El año pasado, coincidí con Ricardo en una oficina médica. Se alegró mucho de verme; y yo, también. Así que decidimos encontrarnos otro día para dar una caminata. Nos encontramos en el Faro de Cabo Rojo. Bajo el sol intenso de la mañana, Ricardo y yo caminamos unas dos horas. Hablamos mucho, nos reímos mucho; sin embargo, Ricardo resbaló y se cayó por uno de los precipicios cercanos al faro. Le dije que no se acercara tanto al borde, que se podía caer, pero él insistió en tomarse fotos al borde del abismo. Entonces, como yo era la única persona que estaba con él en ese momento, tuve la desagradable oportunidad de informar a la familia sobre el terrible accidente.
De todos mis amigos, el más especial era Martín. A ese lo amé en silencio todos los años de escuela. Martín siempre me llevaba a mi casa porque mi mamá no guiaba. Yo lo veneraba, hacía todo lo que él quería, era su paño de lágrimas cuando terminaba con alguna novia. Tuvo varias rupturas amorosas y yo siempre fui su refugio nocturno de largas conversaciones por teléfono durante horas. Martín nunca supo que yo lo amaba. Yo sabía muy bien que él no me quería como yo lo quería. Primero, era fea; segundo, yo estaba becada en una escuela en la cual la gran mayoría de la gente tenía dinero. Las novias de Martín eran lindas y adineradas. Yo no podía competir con ninguna de ellas, así que me conformé con ser su amiga.

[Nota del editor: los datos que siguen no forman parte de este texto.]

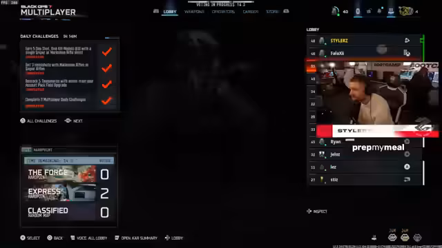 00:16:26Die Streamer haben Frühstück bestellt, da sie etwas abgelegen sind und es keine andere Möglichkeit gab, für vier Personen einzukaufen. Die Diskussion über die Spielersuche (SPMM) geht weiter, wobei die Erfahrungen des Vortages als "Katastrophe" beschrieben werden, da sie am Tag vor dem Release mit Tricks gespielt haben. Es wird die Hoffnung geäußert, dass die Lobbys im Laufe des Tages besser werden. Die Streamer analysieren die Prestige-Level ihrer Freundesliste und stellen fest, dass nur wenige Spieler am Vortag intensiv gespielt haben. Felix hat "lecker Lobbys" bekommen, und es wird über die Map-Auswahl diskutiert, wobei die Präferenz für "gute Maps" statt zufälliger oder kleiner/großer Maps betont wird. Die erste Runde des Tages beginnt, und der Streamer ist von Xbox auf Battle.net umgestiegen, gespannt, ob dies einen Unterschied macht. Es wird festgestellt, dass er noch nicht ganz wach ist und Schwierigkeiten beim Zielen hat. Die Nutzung von 1-Stunden-Boostern wird angesprochen, da diese zu Hause selten verwendet werden. Die Streamer erleben eine "gute Lobby", sind aber noch nicht vollständig konzentriert. Es wird über Schlafdefizit und die Hoffnung auf "Kracherlobbys" gesprochen.
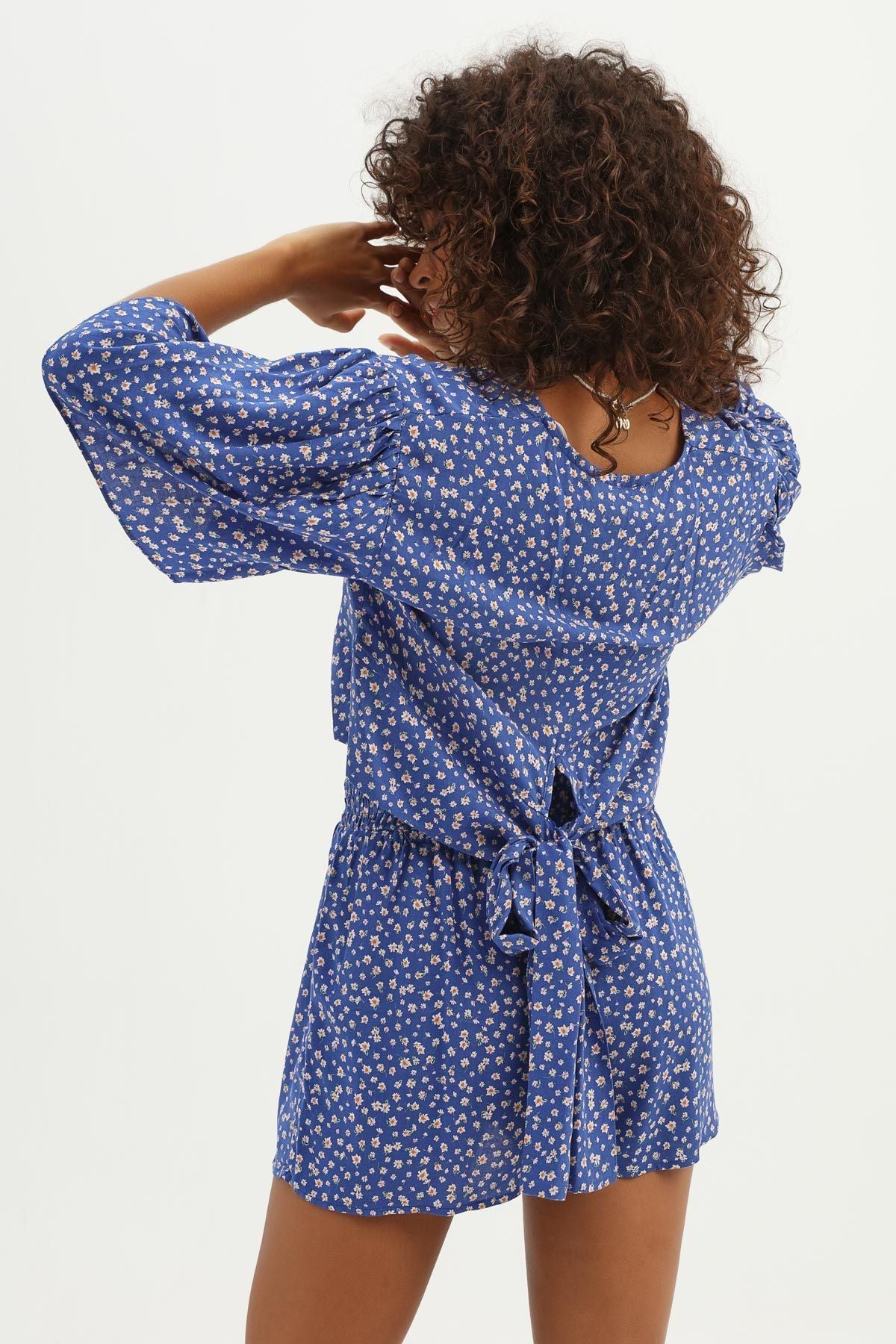 Çiçek Desenli Arkası Bağlamalı Bluz Sax
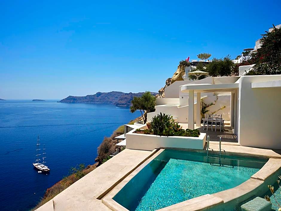 The White House features a private infinity pool with Caldera views, an outdoor hot tub and waterfall. You will find a double bedroom, an airy living area with sea views and a bathroom. The house is set on a 200 m2 terrace where you can enjoy a private dining.
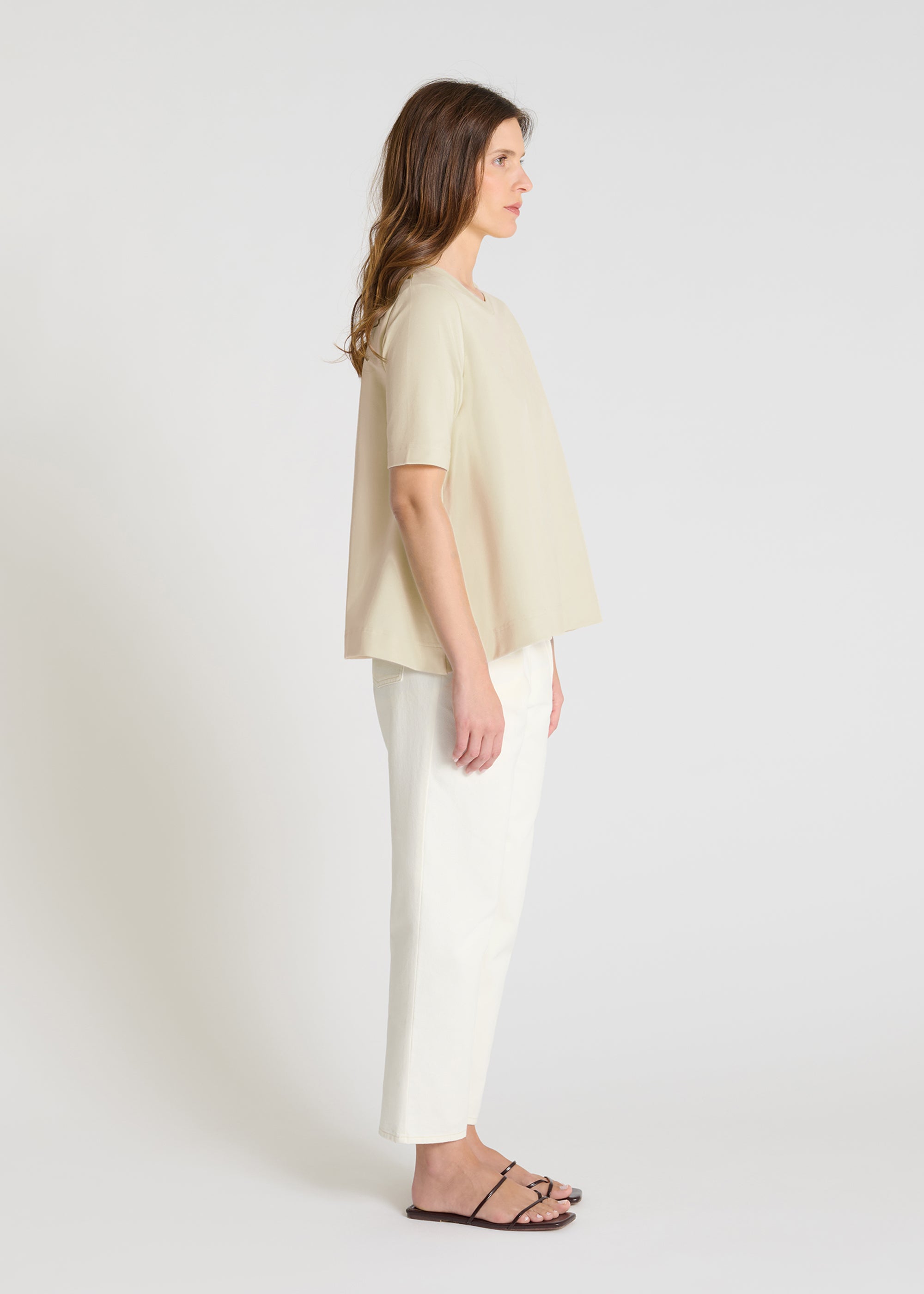 Made from soft and comfortable fleece, this short-sleeved sweatshirt features a flared silhouette that offers ease and a beautiful drape. The ribbed crew neck adds structure while remaining easy to wear. The short sleeves enhance its relaxed look, ideal for the mid-season. A simple and effective piece, designed to accompany you effortlessly every day.
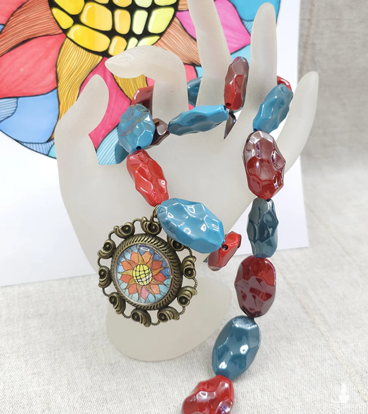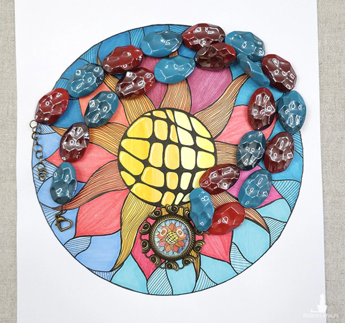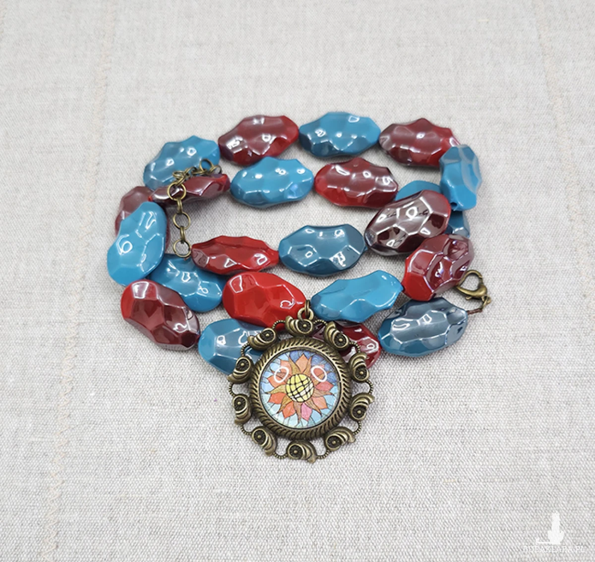 Naszyjnik wykonany z dużych akrylowych, platerowanych korali (30 mm) i fragmentu rysunku mojego autorstwa ukrytego za szkłem w wisiorku.

Cuando nos graduamos, sabía que la vida nos llevaría por caminos distintos. Yo me quedé a estudiar en la IUPI y Martín estudió en una universidad norteamericana. Aunque nos veíamos durante las vacaciones, no compartíamos como antes porque venía acompañado de la novia de turno. Si coincidíamos en algún momento con la de turno, siempre le decía: “Mira, Fulanita, esta es mi gran amiga Julita. Estudiamos juntos en la escuela. Yo siempre le daba pon porque en su casa no había carro. Además, mi mamá le compraba los uniformes de la escuela para ayudarla”. Los papás de Martín me querían mucho, yo era como una sobrina para ellos.
Pasó el tiempo y hace cinco años Martín regresó a Puerto Rico. Coincidimos en uno de esos reencuentros de la clase graduanda a los que mi mamá aún me obliga a asistir, a pesar de que ya soy adulta. En esos reencuentros, los amigos siempre me reciben con mucho cariño. Martín me contó que se divorció por tercera vez y que se había mudado para acá buscando paz. En ese momento vivía alquilado y me pidió que lo acompañara a ver unas casas para comprar una en un futuro cercano. Yo disimulé mi nerviosismo y le dije que sí. Cuando me fue a buscar a mi casa, le pedí que entrara para mostrársela y hablarle un poco de mi vecindario. Le ofrecí café y galletas, y conversamos un rato. Luego dimos un recorrido por la casa. Me compré una casa porque siempre viví en espacios reducidos con mi mamá. Así que cuando tuve oportunidad, compré una propiedad grande en la que habitamos mis gatos y yo. De hecho, a Martín le gustó tanto el sótano de la casa, que se quedó a vivir allí encadenado. Así que, vivo felizmente con Martín desde hace tres años.
Aún me falta encontrar algunos amigos que sé que me quisieron mucho. Espero ansiosamente esos encuentros.